Silence. Great! I’d finally said too much. I’d practically just had a therapy session with this man who asked nothing more than “how are you?”. Is this how it was going to be from now on? I would be so grief-stricken, that a person would just say “hello” and bam! The story of my life from toddler to awkward teens and more.

But when I turned to face him, a small part of me crumbled at the sight of him. My chest tightened, trapping the breath in my lungs like a brisk morning run. His beautiful blue eyes captured mine, a meld of compassion and understanding that bore no pity. It was as if he not only cared about what I had to say, but that he knew the pain I wore all too well.

A silent struggle sieged within me, wanting to draw him close, to curl up against him the way I had that night of the fire. I wanted to be lost in his embrace, allowing him to soothe the aches taking hold of me.

Instinctively, I leaned forward, my eyes falling to his lips. I could kiss him here, in front of everyone. No one would care. He wanted to kiss me. I’d seen that look a hundred times, and yet I’d never wanted so badly to make it happen.

“I’m sorry,” he said, suddenly. “I shouldn’t have just assumed—”

“That I was some materialistic princess trying to save something expensive?”

He seemed surprised that I knew exactly what he’d been thinking all along. I was a blonde who wore makeup and got herself pretty well put together. People always just assumed I was materialistic, or stupid, or ditzy. I had learned just to ignore it for the most part.

“Yeah, that.” He raked a hand through his thick, brown hair. Every espresso-colored strand trailing between his fingers inspired a wicked little thought.

I needed to leave this restaurant soon, or I’d be launching myself into his arms any second now.

“Well, I’m happy to see you humbled,” I said instead. Because “Take me now” just seemed too out of place.

“I know what it’s like to lose someone you care about,” he explained. “You feel like you have so much to live up to in order to make them proud.
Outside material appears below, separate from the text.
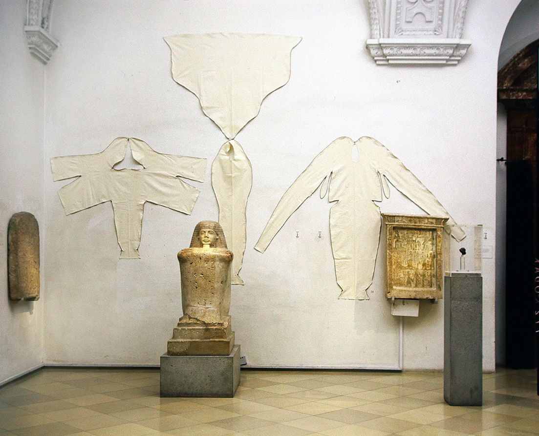 Ich nähte eine Person in den drei klassischen Positionen Ägyptischer figürlicher Repräsentation in Nesseltuch ein, schnitt das Material an den Kanten auf und setzte Reißverschlüsse in die Nahtstellen ein. Die Tuchteile wirken wie Nähmuster oder Architekturpläne und überlassen es den Betrachter*innen, sie im Kopf zu einem räumlichen Gebilde zu kombinieren.

But I’m sure whatever you’re doing, you’re doing what your grandmother would have wanted.”

That same ache tugged within me, the one inspiring me to reach out and touch him. Who had he lost? And how on earth did this man who rescued foolish women from burning buildings, then listen to them carry on about their feelings as if nothing else in the world mattered, think he had done nothing to make the one he lost proud?